**Data for processing**

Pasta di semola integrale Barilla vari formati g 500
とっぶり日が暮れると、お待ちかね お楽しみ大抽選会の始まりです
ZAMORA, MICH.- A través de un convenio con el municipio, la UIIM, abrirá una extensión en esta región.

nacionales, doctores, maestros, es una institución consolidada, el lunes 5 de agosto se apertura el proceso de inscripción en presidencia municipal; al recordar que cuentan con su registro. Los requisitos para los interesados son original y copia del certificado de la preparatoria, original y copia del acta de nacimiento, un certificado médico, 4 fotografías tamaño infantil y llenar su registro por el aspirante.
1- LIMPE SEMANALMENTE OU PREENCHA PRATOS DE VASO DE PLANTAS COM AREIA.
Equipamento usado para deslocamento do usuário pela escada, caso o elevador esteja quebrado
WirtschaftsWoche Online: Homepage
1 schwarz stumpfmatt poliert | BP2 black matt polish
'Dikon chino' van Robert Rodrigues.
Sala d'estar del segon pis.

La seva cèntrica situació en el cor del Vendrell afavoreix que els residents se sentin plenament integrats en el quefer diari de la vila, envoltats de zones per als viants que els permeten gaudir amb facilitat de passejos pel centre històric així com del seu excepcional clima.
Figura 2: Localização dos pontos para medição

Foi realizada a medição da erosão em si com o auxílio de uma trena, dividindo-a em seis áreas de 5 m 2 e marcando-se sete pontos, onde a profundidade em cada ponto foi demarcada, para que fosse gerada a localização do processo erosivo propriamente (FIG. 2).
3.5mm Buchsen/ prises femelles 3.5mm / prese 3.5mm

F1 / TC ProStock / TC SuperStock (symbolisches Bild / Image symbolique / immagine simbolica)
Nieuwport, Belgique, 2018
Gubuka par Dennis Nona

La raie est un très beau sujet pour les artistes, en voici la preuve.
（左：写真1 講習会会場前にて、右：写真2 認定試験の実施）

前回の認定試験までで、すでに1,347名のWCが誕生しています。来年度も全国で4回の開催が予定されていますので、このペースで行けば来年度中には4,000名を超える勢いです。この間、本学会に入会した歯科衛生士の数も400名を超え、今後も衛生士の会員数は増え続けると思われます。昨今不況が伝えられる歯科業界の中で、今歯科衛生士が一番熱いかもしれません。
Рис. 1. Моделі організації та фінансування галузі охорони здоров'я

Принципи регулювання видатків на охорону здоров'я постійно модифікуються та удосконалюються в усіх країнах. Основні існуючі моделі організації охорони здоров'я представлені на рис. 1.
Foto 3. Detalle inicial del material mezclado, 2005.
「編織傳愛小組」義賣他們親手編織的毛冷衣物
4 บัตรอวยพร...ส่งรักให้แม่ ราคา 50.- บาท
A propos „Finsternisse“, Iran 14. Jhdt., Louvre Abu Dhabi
...
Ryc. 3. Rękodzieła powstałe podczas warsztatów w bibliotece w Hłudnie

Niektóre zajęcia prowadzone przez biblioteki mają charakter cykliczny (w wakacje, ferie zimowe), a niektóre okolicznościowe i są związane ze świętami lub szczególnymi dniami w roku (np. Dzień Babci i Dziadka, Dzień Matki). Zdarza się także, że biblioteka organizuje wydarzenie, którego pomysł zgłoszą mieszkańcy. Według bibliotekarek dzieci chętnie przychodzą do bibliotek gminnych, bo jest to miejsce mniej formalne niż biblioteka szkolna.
...
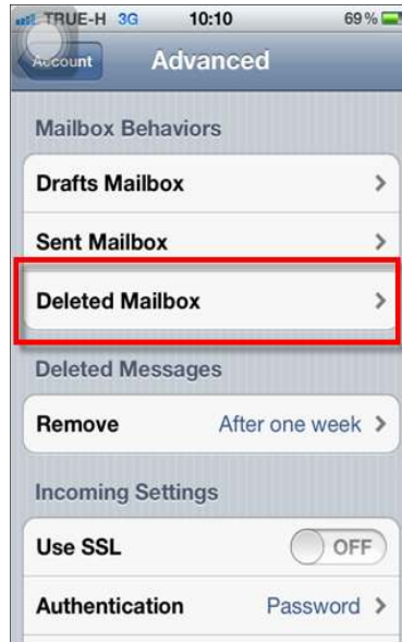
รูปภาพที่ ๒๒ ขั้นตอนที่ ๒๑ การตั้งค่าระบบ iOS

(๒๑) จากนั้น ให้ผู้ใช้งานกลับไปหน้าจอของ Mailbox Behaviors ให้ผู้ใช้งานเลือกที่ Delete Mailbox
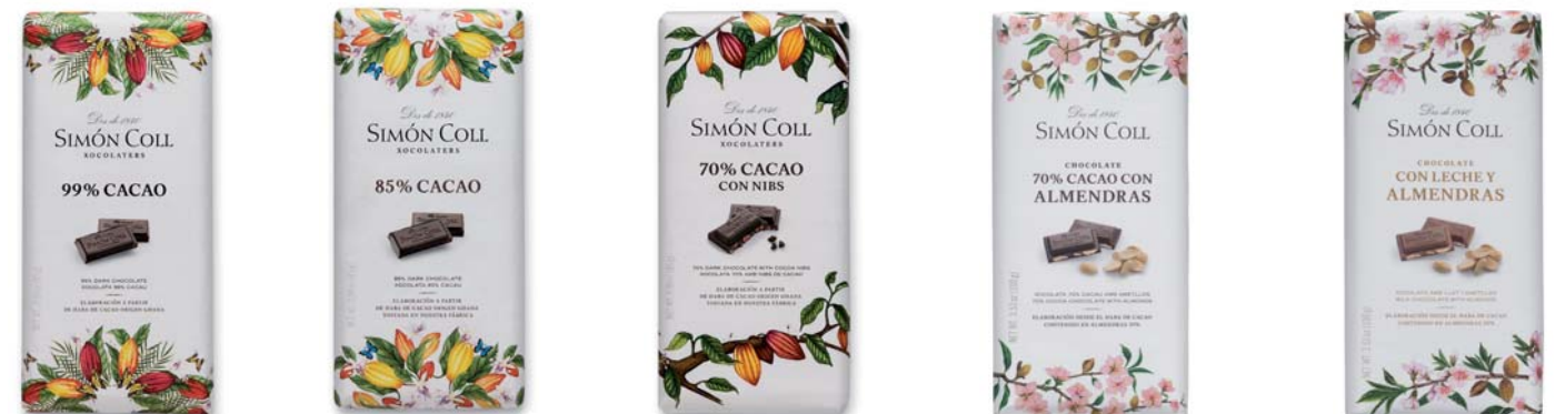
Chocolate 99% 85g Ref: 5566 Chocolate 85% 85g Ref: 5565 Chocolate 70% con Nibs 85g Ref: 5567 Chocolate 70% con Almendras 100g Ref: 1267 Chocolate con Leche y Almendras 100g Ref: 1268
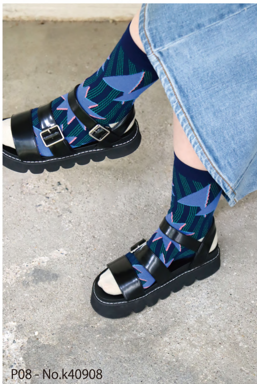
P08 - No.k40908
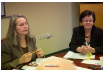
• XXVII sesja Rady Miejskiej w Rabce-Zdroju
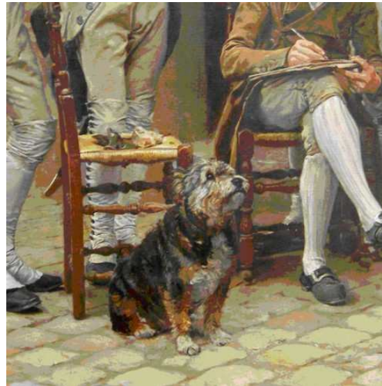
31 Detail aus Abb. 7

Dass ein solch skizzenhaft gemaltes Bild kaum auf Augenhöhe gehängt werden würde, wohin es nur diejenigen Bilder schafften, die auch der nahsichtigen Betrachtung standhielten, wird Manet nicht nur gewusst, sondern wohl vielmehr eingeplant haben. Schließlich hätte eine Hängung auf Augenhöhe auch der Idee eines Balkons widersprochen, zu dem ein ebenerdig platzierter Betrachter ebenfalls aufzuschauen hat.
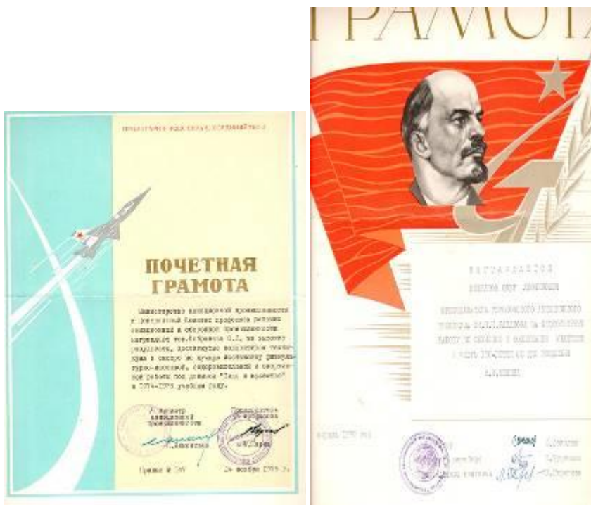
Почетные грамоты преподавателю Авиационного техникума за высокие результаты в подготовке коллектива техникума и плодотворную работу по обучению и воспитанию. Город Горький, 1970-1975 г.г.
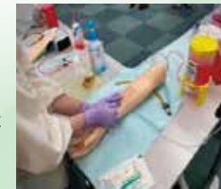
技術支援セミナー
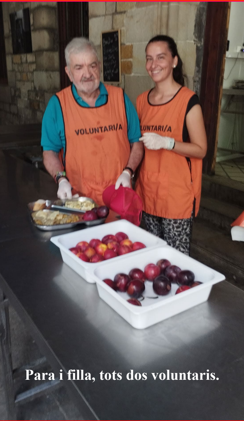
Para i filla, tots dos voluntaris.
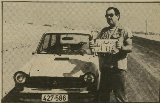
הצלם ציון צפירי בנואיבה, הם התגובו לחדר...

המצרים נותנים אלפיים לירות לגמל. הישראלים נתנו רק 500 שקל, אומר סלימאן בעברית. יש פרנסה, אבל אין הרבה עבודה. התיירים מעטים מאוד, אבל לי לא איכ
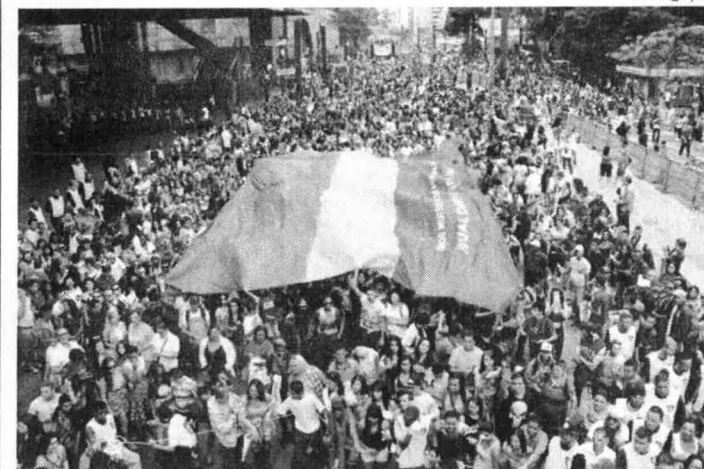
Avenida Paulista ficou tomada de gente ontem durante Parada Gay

**Work to be completed**
Precisely the lines between those holding "とっぶり日が暮れると、お待ちかね お楽しみ大抽選会の始まりです" and "Foi realizada a", inclusive, are to be reproduced from the listing above, with nothing added.

**Response**
とっぶり日が暮れると、お待ちかね お楽しみ大抽選会の始まりです
ZAMORA, MICH.- A través de un convenio con el municipio, la UIIM, abrirá una extensión en esta región.

nacionales, doctores, maestros, es una institución consolidada, el lunes 5 de agosto se apertura el proceso de inscripción en presidencia municipal; al recordar que cuentan con su registro. Los requisitos para los interesados son original y copia del certificado de la preparatoria, original y copia del acta de nacimiento, un certificado médico, 4 fotografías tamaño infantil y llenar su registro por el aspirante.
1- LIMPE SEMANALMENTE OU PREENCHA PRATOS DE VASO DE PLANTAS COM AREIA.
Equipamento usado para deslocamento do usuário pela escada, caso o elevador esteja quebrado
WirtschaftsWoche Online: Homepage
1 schwarz stumpfmatt poliert | BP2 black matt polish
'Dikon chino' van Robert Rodrigues.
Sala d'estar del segon pis.

La seva cèntrica situació en el cor del Vendrell afavoreix que els residents se sentin plenament integrats en el quefer diari de la vila, envoltats de zones per als viants que els permeten gaudir amb facilitat de passejos pel centre històric així com del seu excepcional clima.
Figura 2: Localização dos pontos para medição

Foi realizada a medição da erosão em si com o auxílio de uma trena, dividindo-a em seis áreas de 5 m 2 e marcando-se sete pontos, onde a profundidade em cada ponto foi demarcada, para que fosse gerada a localização do processo erosivo propriamente (FIG. 2).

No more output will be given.